• What the task requires
With the pictures omitted, repeat exactly the lines below starting with the line that has "Members of our" and going on through the line that has "STANDARD FINISHES AVAILABLE".

**** Recorded data

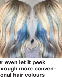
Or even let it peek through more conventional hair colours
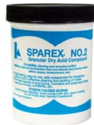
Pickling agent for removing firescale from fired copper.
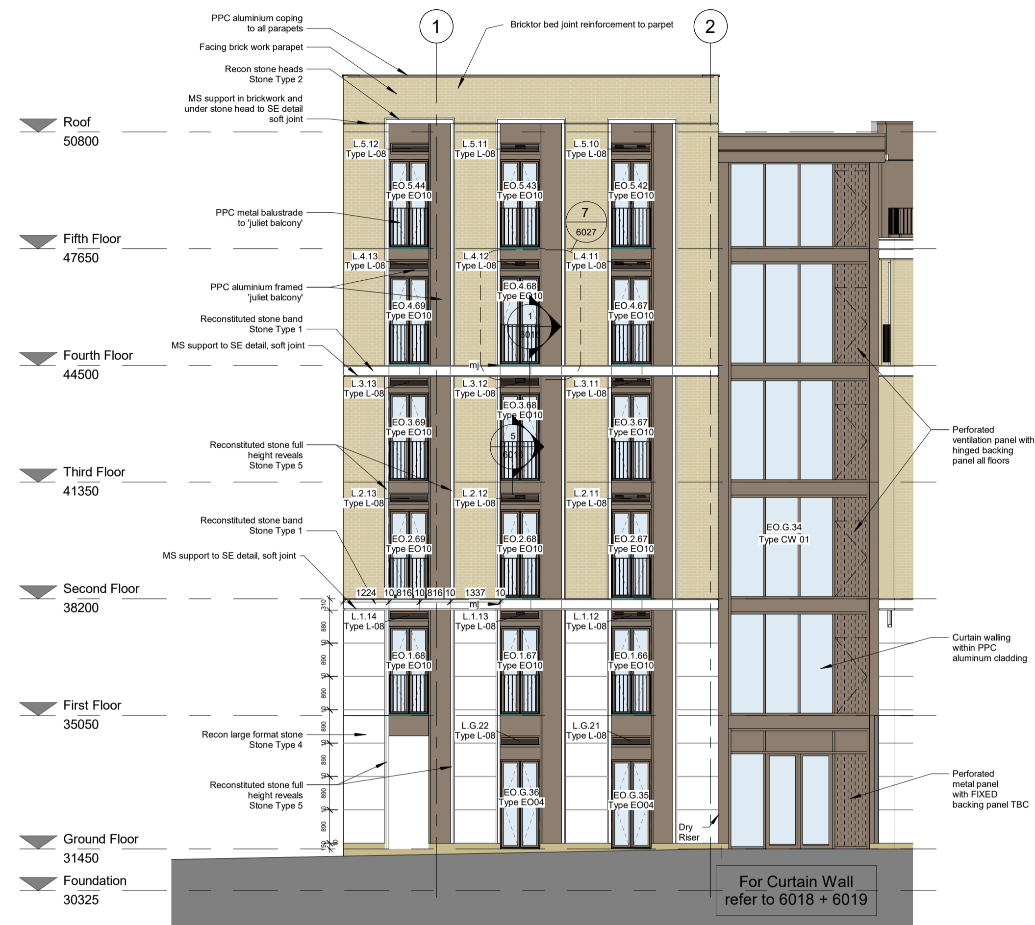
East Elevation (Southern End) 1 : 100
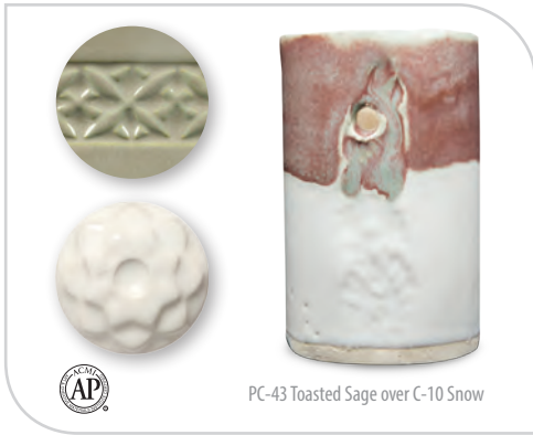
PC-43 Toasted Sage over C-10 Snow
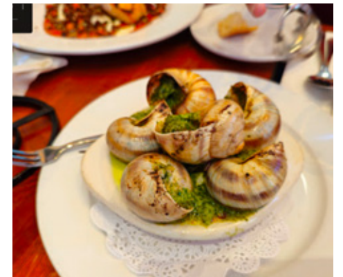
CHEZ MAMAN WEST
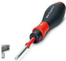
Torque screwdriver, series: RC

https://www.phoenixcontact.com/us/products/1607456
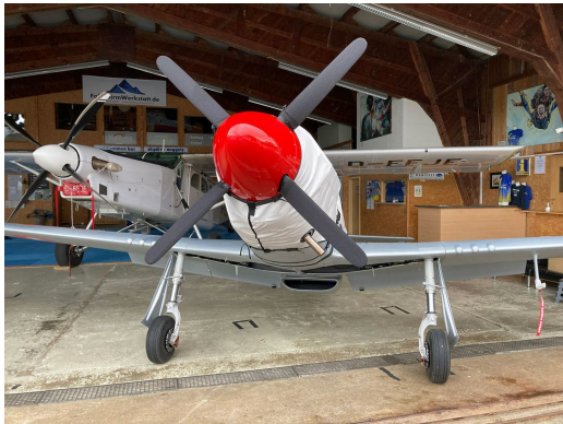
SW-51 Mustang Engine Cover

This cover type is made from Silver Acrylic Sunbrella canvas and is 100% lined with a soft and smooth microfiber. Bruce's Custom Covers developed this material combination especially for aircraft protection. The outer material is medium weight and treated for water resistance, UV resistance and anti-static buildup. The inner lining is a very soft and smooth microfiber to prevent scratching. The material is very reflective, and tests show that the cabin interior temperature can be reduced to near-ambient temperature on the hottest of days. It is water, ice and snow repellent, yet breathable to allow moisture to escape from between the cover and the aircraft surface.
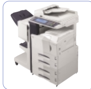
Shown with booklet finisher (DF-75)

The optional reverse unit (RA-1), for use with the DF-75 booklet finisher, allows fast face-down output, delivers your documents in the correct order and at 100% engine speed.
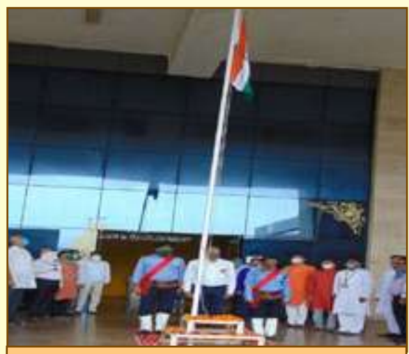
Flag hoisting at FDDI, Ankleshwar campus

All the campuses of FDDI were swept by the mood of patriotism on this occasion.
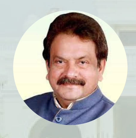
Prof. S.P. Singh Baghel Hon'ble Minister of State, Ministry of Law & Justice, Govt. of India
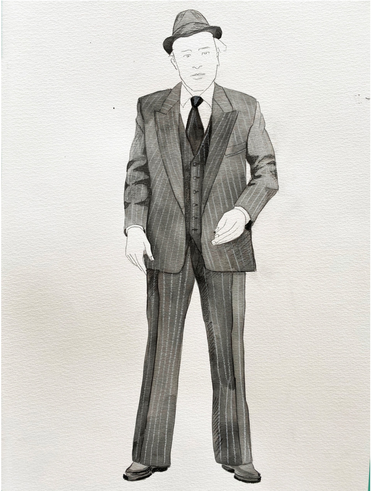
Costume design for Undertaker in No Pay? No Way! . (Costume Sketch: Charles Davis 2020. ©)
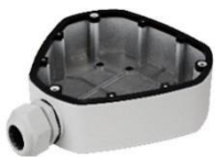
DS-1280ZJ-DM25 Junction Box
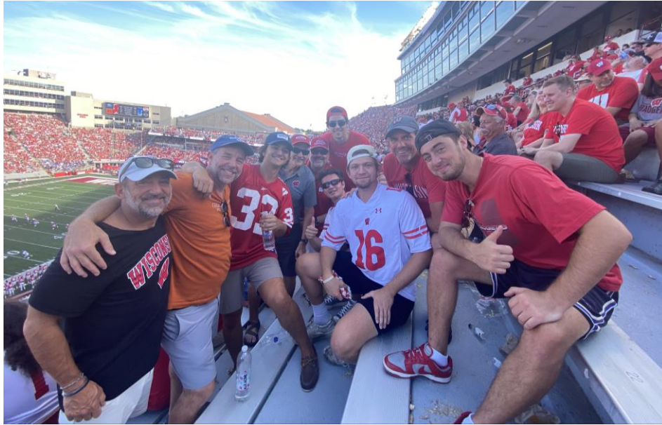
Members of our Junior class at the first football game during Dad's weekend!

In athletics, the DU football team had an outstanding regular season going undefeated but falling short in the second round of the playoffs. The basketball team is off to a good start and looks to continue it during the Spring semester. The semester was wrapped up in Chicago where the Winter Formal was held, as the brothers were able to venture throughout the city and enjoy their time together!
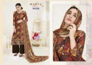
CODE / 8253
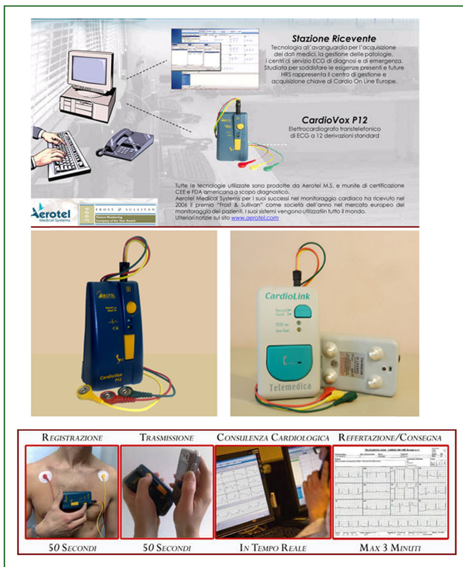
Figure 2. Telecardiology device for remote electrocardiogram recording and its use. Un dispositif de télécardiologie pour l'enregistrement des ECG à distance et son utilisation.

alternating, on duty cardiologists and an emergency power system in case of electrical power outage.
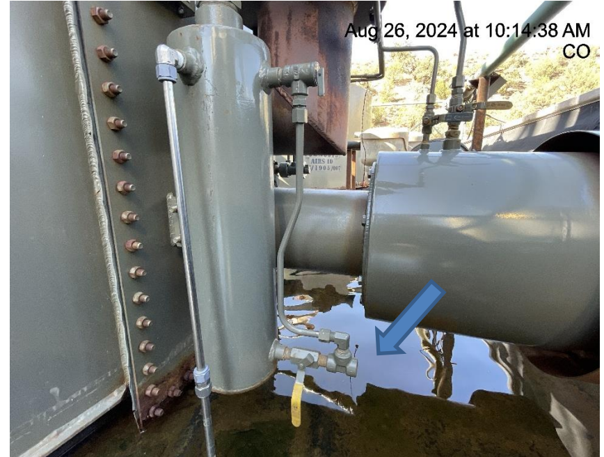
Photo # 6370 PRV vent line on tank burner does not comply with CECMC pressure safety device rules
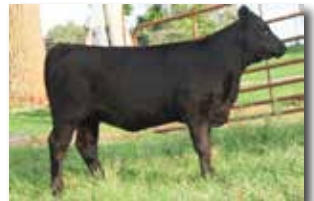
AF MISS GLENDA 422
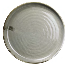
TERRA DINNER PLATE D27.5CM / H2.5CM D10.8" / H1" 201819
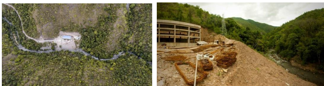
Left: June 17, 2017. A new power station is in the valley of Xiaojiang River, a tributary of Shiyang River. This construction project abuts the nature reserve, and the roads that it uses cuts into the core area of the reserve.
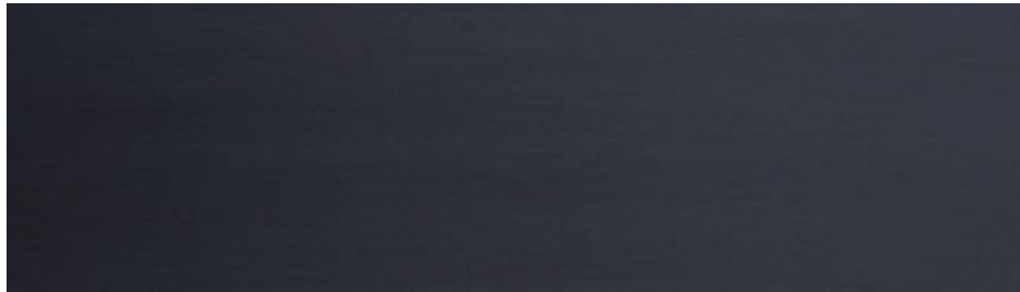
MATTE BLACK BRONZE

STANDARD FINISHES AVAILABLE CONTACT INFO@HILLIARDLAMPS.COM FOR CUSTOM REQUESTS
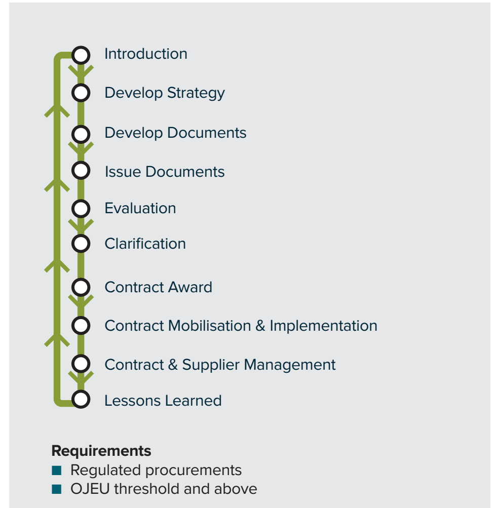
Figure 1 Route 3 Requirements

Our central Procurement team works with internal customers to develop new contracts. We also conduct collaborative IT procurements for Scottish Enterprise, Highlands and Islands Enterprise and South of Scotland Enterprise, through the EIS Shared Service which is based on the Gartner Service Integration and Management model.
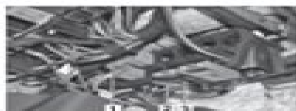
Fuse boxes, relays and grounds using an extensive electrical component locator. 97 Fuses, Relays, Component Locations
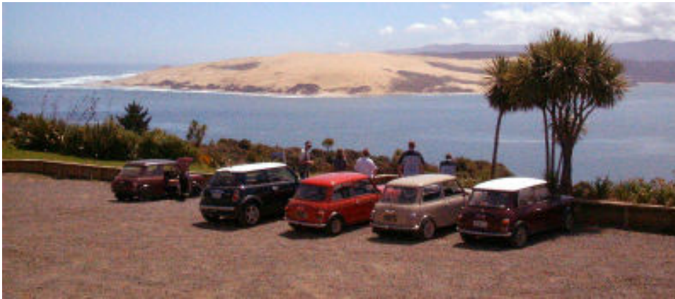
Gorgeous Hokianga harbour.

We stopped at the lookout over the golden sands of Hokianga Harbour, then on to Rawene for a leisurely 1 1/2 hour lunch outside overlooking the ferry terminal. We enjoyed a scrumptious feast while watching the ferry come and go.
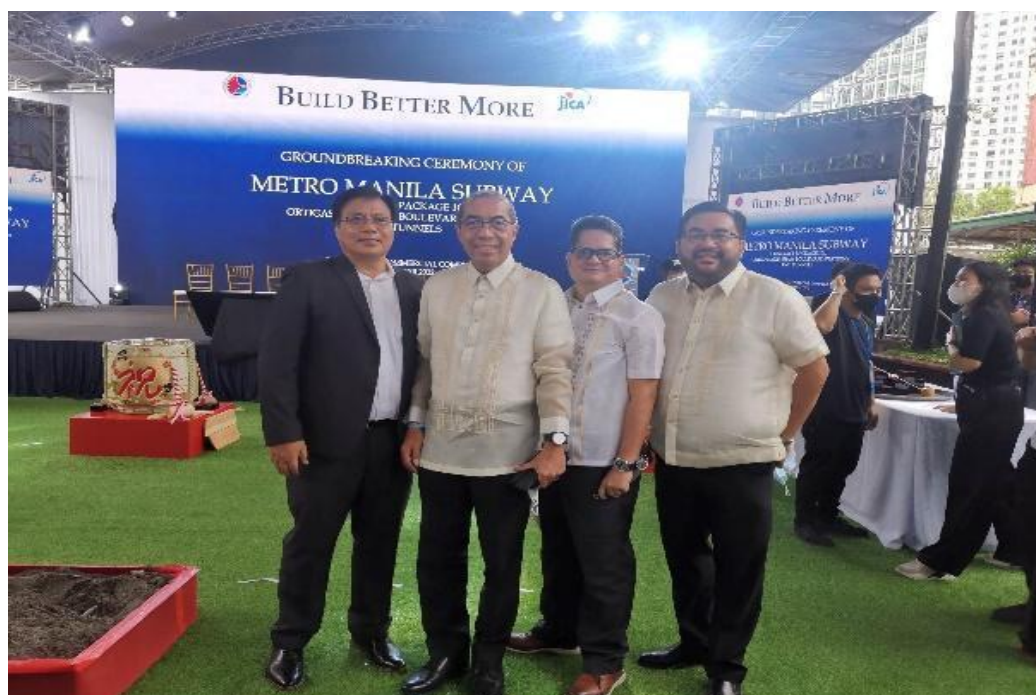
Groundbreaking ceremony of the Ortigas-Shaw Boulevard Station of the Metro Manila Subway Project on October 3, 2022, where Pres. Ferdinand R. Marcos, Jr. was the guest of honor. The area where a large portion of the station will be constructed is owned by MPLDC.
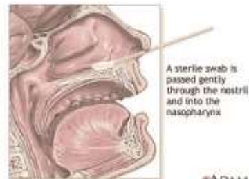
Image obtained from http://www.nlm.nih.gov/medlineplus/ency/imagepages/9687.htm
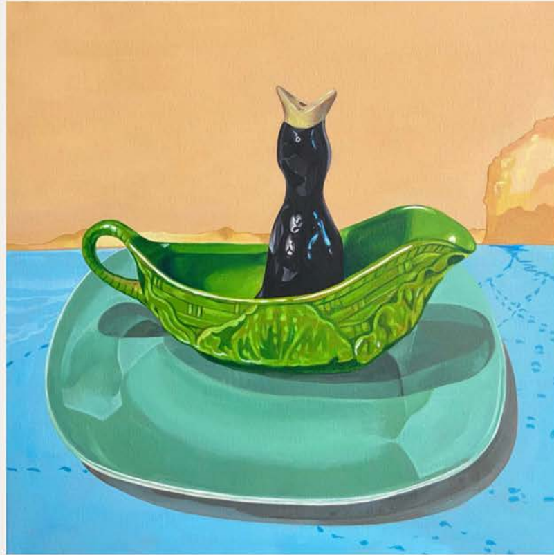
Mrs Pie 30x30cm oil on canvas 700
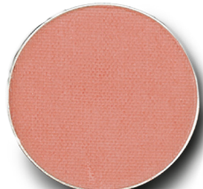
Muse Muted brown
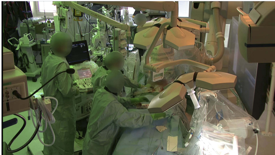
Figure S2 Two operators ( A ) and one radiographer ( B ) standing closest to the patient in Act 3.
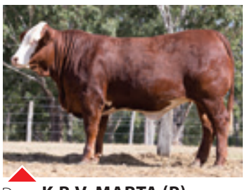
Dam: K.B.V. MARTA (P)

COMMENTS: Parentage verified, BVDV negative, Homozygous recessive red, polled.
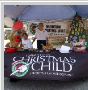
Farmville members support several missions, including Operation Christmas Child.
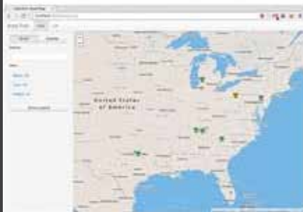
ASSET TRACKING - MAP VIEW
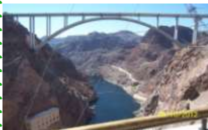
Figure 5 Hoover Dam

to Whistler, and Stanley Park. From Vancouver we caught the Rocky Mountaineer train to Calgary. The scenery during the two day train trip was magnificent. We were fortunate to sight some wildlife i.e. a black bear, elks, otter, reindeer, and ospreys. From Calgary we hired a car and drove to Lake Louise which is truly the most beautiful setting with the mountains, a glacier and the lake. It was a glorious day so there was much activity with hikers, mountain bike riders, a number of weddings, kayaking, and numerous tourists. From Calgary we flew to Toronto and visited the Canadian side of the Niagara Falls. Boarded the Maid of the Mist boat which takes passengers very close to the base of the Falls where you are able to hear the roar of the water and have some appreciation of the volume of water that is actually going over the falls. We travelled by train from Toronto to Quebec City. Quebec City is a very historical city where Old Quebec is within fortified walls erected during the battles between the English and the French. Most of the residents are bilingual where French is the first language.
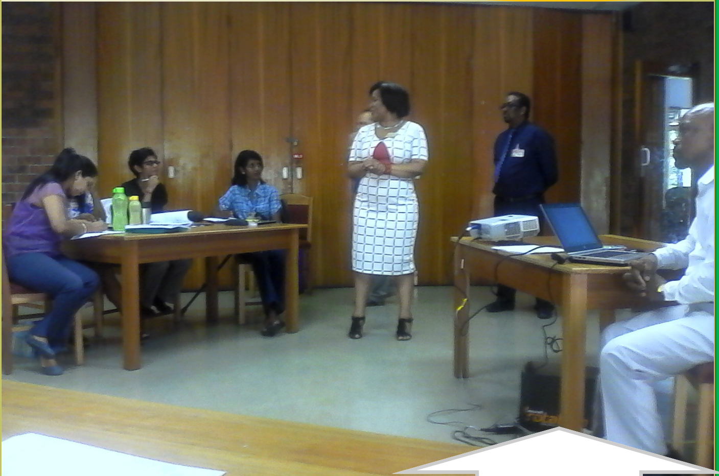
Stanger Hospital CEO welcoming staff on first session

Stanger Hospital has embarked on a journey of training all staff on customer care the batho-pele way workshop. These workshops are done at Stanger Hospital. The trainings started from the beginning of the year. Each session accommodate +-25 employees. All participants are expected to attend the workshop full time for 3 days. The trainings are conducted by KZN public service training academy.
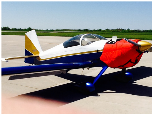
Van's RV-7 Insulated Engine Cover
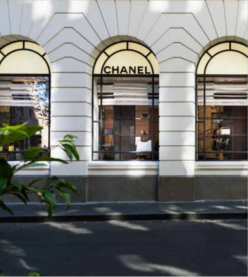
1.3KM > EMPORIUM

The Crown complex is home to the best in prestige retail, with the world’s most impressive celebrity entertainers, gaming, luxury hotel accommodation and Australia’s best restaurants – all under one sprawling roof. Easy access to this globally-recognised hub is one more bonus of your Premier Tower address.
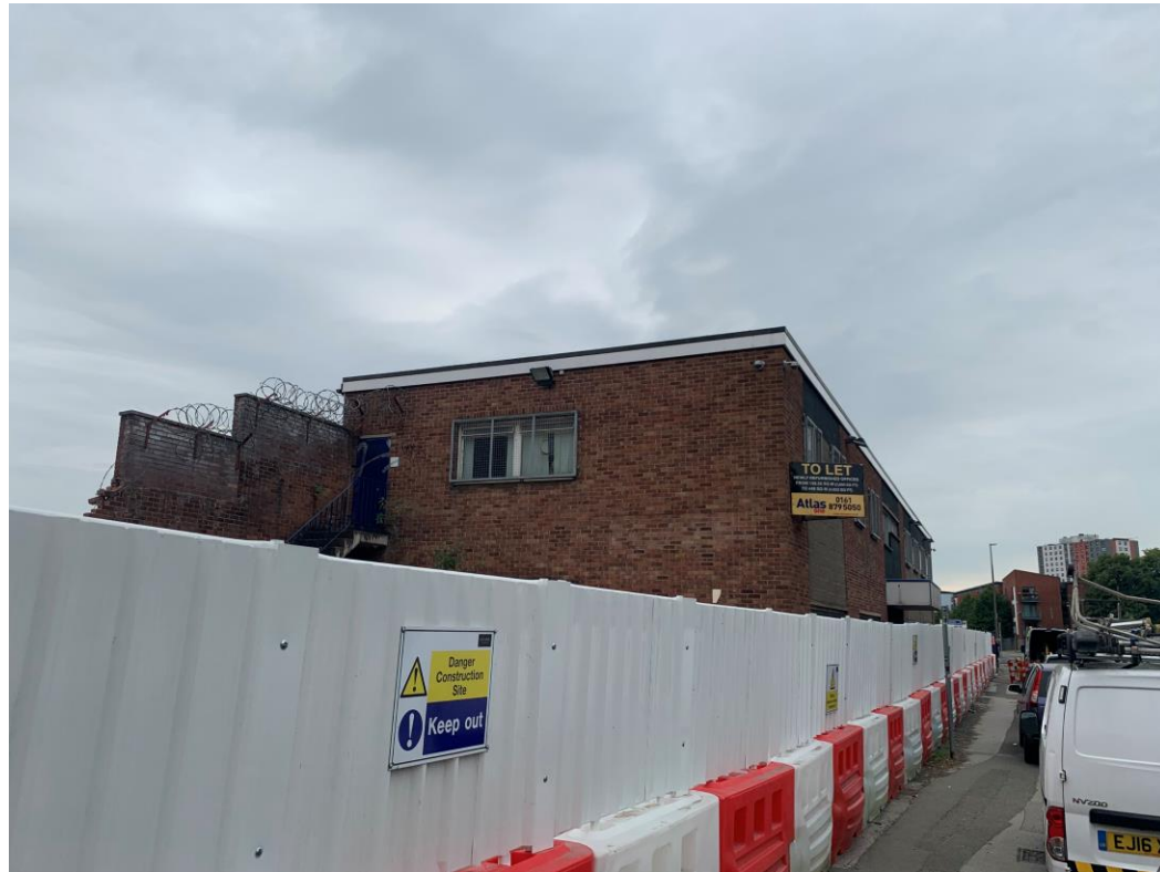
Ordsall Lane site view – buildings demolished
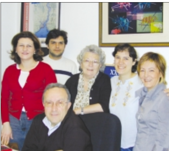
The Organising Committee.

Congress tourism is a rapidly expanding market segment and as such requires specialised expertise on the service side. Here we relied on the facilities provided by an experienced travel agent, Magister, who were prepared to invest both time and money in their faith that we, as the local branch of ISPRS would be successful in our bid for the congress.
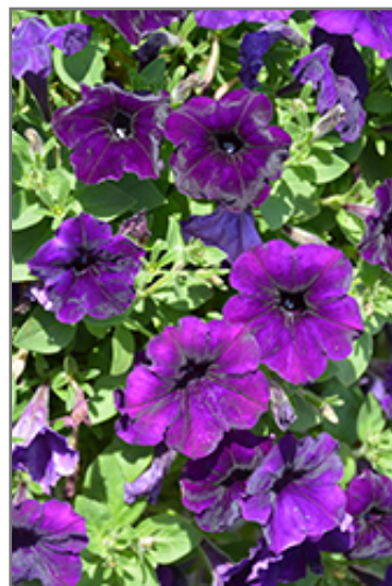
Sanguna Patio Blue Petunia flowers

********

• Response box
Members of our Junior class at the first football game during Dad's weekend!

In athletics, the DU football team had an outstanding regular season going undefeated but falling short in the second round of the playoffs. The basketball team is off to a good start and looks to continue it during the Spring semester. The semester was wrapped up in Chicago where the Winter Formal was held, as the brothers were able to venture throughout the city and enjoy their time together!
CODE / 8253
Figure 2. Telecardiology device for remote electrocardiogram recording and its use. Un dispositif de télécardiologie pour l'enregistrement des ECG à distance et son utilisation.

alternating, on duty cardiologists and an emergency power system in case of electrical power outage.
Photo # 6370 PRV vent line on tank burner does not comply with CECMC pressure safety device rules
AF MISS GLENDA 422
TERRA DINNER PLATE D27.5CM / H2.5CM D10.8" / H1" 201819
Left: June 17, 2017. A new power station is in the valley of Xiaojiang River, a tributary of Shiyang River. This construction project abuts the nature reserve, and the roads that it uses cuts into the core area of the reserve.
MATTE BLACK BRONZE

STANDARD FINISHES AVAILABLE CONTACT INFO@HILLIARDLAMPS.COM FOR CUSTOM REQUESTS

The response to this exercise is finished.